Yeah, I said greater than *or equal to* 0x7fff, and it is equal to 0x7fff on MSVC.
>     a[i] = static_cast<uint8_t>((unsigned int)(rand()) >> bitsToIgnore);
Even if RAND_MAX is 0x7fff, a[i] would be uniformly distributed between 0 to 255.
OK, right -- sorry I misread.
Anyway, the assertion is useless now that we don't need anything more than what the spec requires. Removed it. New try:
https://tbpl.mozilla.org/?tree=Try&rev=5e2e6cfe338b
Got the same issue about xpcom.lib not being found, that originally prompted the use of TOOLS_DIRS instead of TEST_DIRS --- which doesn't work anymore. Let's not block on this, instead, let's temporarily do content/canvas/test/compiled only on Linux where it works, and we'll then solve this problem on other platforms in a separate bug.
Failed again, but this time the log doesn't seem to give a clue why. Now I have simply disabled content/canvas/test/compiled by omitting it in the Makefile. Let's see if that builds:
https://tbpl.mozilla.org/?tree=Try&rev=c4716762f837
Inbound:
http://hg.mozilla.org/integration/mozilla-inbound/rev/4476b1668b33

Now... here's the commit message:

> This fixes Valgrind errors while running TestWebGLElementArrayCache.
> 
> This also fixes the way we do content/canvas/test in the Makefiles, which had been broken by my attempt to enable compiled-code tests there (bug 732660).
> 
> Since I still don't know how to do compiled-code tests there, I've disabled them. At least we have the rest of content/canvas/test back.
> 
> Let's hope that no regression happened. 

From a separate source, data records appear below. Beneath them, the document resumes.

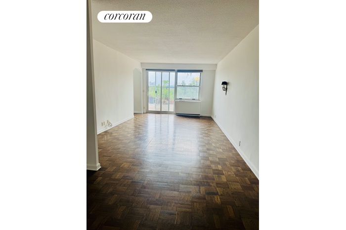 sunny L-shaped living room and dining area, large patio overlooking the Harlem and Hudson Rivers and Inwood Park, windowed kitchen, granite counter top, stainless steel appliances, parquet floors throughout, primary bedroom with in-suite large bathroom with a walk in shower, generous sized second bedroom with sunny east facing window, den/office with two windows, or can be used as a third bedroom, second windowed bathroom with a tub, laundry on every other floor, pet friendly, a three-level parking garage - the prices are $180, $185, or $200 depending on the location of the parking spot, pet friendly.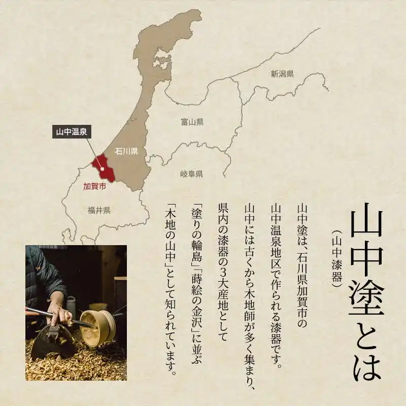 山中漆器は、木の温もりを活かした「挽物(ひきもの)」の技術で知られ、日常使いから芸術品まで幅広いラインナップが魅力です。 |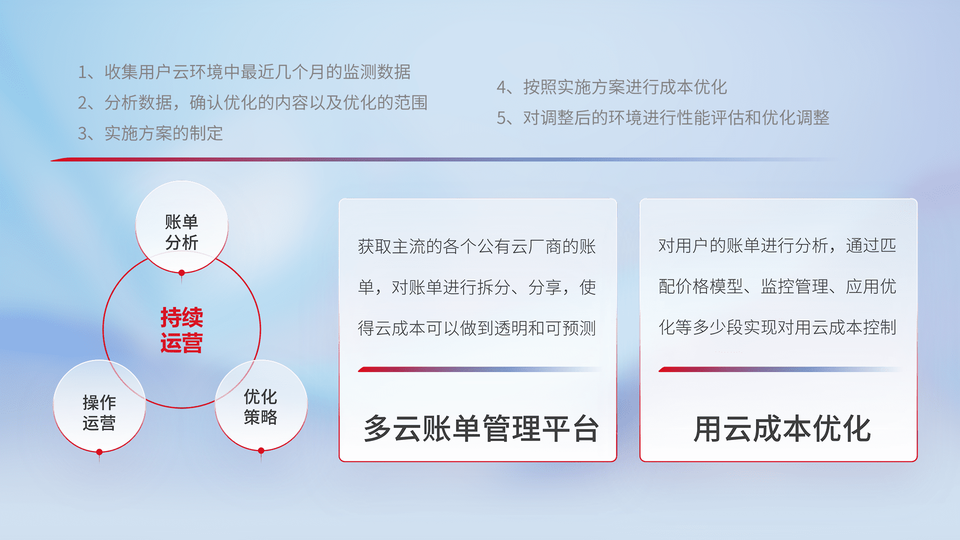通过多云纳管,,,以统一的资源数据模型把客户的云资源进行抽象和封装,,进而实现对多云资源的统一操作,,保障云资源管理的可靠性、、、、稳定性与可用性。。。。量身定制化运维内容,,配置、、、、开发运维、、、补丁管理、、、、备份、、监控、、认证和访问管理、、、审计和日常巡检等,,,保障在用云过程中的可靠度,,,稳定度以及高可用率。。。

I'm very sorry to have accidentally disabled content/canvas mochitests for 3 weeks. Let's hope that no regression slipped in.

I'll also file a separate bug about correctly enabling the compiled-code tests.

Anyway, does this fix the issue originally discussed here?
Benoit, have you asked the build system folks about the proper way of doing compiled tests?
(In reply to Masatoshi Kimura [:emk] from comment #28)
> Is TOOLS_DIRS a typo of TOOL_DIRS?
> https://mxr.mozilla.org/mozilla-central/search?string=TOOLS_DIRS
> https://mxr.mozilla.org/mozilla-central/search?string=TOOL_DIRS

Ouch. Seems like it!

(In reply to Ehsan Akhgari [:ehsan] from comment #27)
> Benoit, have you asked the build system folks about the proper way of doing
> compiled tests?

Yes. Answer was "dunno, try TOOLS_DIRS" (with the S).
Filed bug 800612 to continue this conversation.

Try with TOOL_DIRS:
https://tbpl.mozilla.org/?tree=Try&rev=22f197df1767
FWIW there was one regression in WebGL (bug 800657) and one in Canvas2D (bug 800658). Nothing too terrible.
(In reply to Benoit Jacob [:bjacob] from comment #26)
> Anyway, does this fix the issue originally discussed here?

Nope. We seem to have skipped running Linux opt moth most of the time since your push, but the clearest example of unfixed so far is https://tbpl.mozilla.org/php/getParsedLog.php?id=16032121&tree=Mozilla-Inbound#error3
https://hg.mozilla.org/mozilla-central/rev/a0297358abc1
https://hg.mozilla.org/mozilla-central/rev/022c39b4aae6
Status: NEW → RESOLVED
Closed: 12 years ago
Resolution: --- → FIXED
Target Milestone: --- → mozilla19
Should have put [leave open].
Status: RESOLVED → REOPENED
Resolution: FIXED → ---
Unassigning from myself based on comment 32.
Assignee: bjacob → nobody
I'll unfortunately have to be hiding Linux32 m-oth soon, it's pretty much perma-orange & the failures cause the TBPL UI to hang (pending bug 795460 and a bunch of other TBPL cleanup I'm doing).
Un-categorizing from WebGL, as there is no reason anymore to think that that has anything to do with WebGL.
Component: Canvas: WebGL → Untriaged
Product: Core → Firefox
Target Milestone: mozilla19 → ---
Component: Untriaged → General
Product: Firefox → Core
Is there a regression window?
Yeah, depending on which regression you mean, the first or the second, "around May 28th" and "September 11th when Ionmonkey merged to mozilla-central" are about as close as you'll get (bug 759157 is probably the best leading indicator, and notice how we starred it a few times on the ionmonkey branch, before the multi-branch explosion on the 12th after the merge).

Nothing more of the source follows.